■ WHAT YOU HAVE TO DO ■
Only one stretch of the data should be retyped: the lines from the line containing "Visita de alumnos" through the line containing "Diagrama 1. El". Keep pictures out of it.

(Stored data entries)
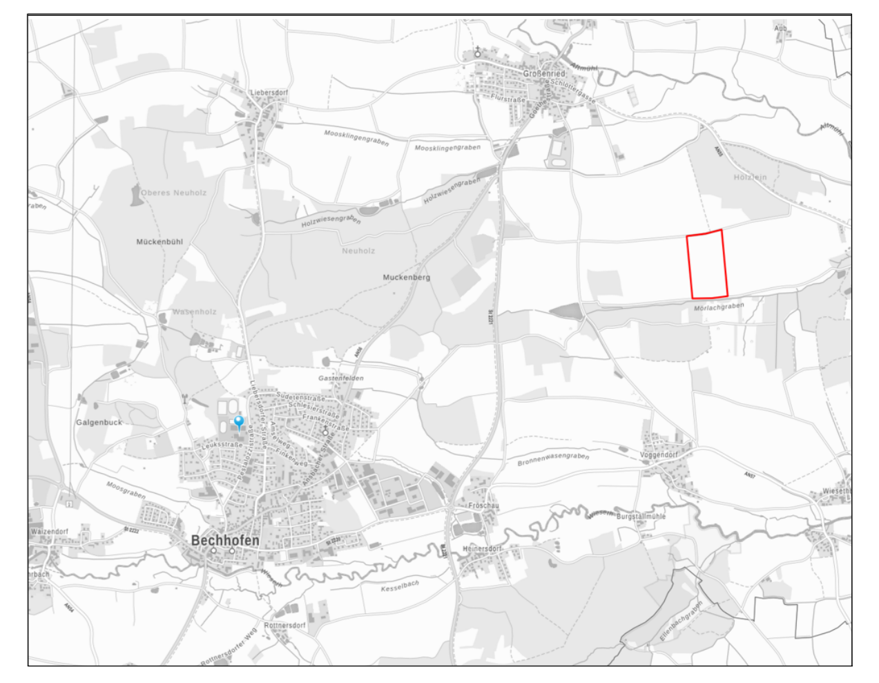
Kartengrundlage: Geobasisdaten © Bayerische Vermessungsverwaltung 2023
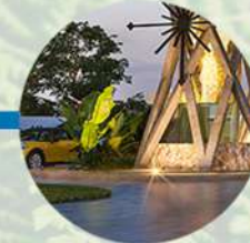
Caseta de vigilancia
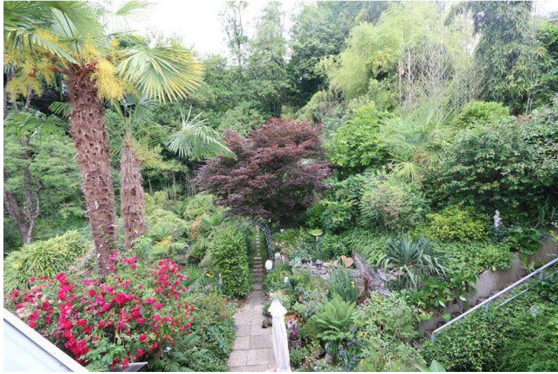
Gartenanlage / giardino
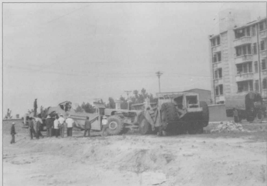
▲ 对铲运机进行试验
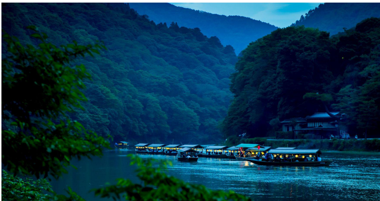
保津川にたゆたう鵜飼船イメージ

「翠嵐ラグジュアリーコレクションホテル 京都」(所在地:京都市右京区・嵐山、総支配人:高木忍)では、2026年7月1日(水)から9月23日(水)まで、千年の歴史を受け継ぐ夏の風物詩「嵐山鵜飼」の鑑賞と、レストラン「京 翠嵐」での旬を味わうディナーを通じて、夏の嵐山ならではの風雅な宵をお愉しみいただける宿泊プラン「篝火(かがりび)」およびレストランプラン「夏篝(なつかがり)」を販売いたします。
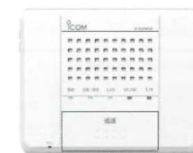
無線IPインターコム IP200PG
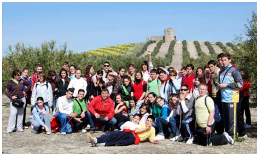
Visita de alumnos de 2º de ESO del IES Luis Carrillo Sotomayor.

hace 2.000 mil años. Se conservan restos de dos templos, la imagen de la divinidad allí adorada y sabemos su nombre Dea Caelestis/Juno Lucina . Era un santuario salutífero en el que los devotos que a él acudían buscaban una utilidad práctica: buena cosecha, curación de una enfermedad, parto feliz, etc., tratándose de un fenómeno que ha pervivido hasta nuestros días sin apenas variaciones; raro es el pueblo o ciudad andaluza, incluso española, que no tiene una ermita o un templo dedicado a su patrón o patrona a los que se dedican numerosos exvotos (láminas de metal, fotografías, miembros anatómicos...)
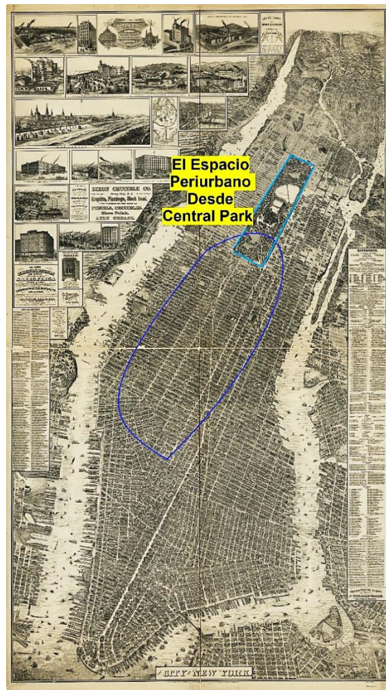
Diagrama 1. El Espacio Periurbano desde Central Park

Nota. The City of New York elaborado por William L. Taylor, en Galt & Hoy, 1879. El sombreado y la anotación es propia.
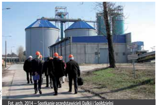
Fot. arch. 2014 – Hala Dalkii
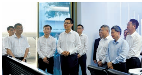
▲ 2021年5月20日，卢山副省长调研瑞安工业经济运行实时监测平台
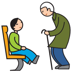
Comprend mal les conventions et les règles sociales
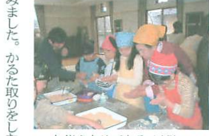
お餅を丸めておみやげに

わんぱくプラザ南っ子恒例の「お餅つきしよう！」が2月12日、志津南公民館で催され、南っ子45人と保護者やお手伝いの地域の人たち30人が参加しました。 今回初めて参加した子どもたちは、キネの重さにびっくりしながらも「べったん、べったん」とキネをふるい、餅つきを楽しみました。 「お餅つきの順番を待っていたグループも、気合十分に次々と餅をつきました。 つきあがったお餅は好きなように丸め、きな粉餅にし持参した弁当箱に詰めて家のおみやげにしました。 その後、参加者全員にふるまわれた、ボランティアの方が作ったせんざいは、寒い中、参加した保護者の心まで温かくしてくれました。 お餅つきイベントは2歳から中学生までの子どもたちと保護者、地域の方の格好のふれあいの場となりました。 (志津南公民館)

==

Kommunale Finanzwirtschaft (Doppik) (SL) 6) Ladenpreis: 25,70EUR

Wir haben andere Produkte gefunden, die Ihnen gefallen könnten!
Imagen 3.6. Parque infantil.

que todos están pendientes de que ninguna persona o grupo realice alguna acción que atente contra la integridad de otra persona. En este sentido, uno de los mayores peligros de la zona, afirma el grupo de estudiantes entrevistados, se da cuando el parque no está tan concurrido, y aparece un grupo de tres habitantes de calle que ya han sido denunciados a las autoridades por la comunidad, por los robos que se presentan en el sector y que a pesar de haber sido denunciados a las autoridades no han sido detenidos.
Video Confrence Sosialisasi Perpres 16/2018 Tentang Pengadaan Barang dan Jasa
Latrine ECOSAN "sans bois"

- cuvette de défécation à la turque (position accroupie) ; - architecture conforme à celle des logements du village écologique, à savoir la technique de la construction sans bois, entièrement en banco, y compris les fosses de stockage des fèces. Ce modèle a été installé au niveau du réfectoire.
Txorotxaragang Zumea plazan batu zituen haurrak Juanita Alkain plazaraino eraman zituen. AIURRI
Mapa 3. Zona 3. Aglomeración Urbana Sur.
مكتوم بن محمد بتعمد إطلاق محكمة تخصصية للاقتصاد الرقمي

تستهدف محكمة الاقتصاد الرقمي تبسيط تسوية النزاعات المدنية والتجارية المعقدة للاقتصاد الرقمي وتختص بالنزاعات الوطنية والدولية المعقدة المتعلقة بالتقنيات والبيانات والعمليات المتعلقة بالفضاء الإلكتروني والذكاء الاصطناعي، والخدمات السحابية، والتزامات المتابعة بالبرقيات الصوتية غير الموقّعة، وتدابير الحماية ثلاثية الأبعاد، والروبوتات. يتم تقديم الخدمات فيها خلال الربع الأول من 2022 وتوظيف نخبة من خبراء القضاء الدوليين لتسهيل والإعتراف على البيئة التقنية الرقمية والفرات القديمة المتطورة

■ RESULT FOR THIS TASK ■
Visita de alumnos de 2º de ESO del IES Luis Carrillo Sotomayor.

hace 2.000 mil años. Se conservan restos de dos templos, la imagen de la divinidad allí adorada y sabemos su nombre Dea Caelestis/Juno Lucina . Era un santuario salutífero en el que los devotos que a él acudían buscaban una utilidad práctica: buena cosecha, curación de una enfermedad, parto feliz, etc., tratándose de un fenómeno que ha pervivido hasta nuestros días sin apenas variaciones; raro es el pueblo o ciudad andaluza, incluso española, que no tiene una ermita o un templo dedicado a su patrón o patrona a los que se dedican numerosos exvotos (láminas de metal, fotografías, miembros anatómicos...)
Diagrama 1. El Espacio Periurbano desde Central Park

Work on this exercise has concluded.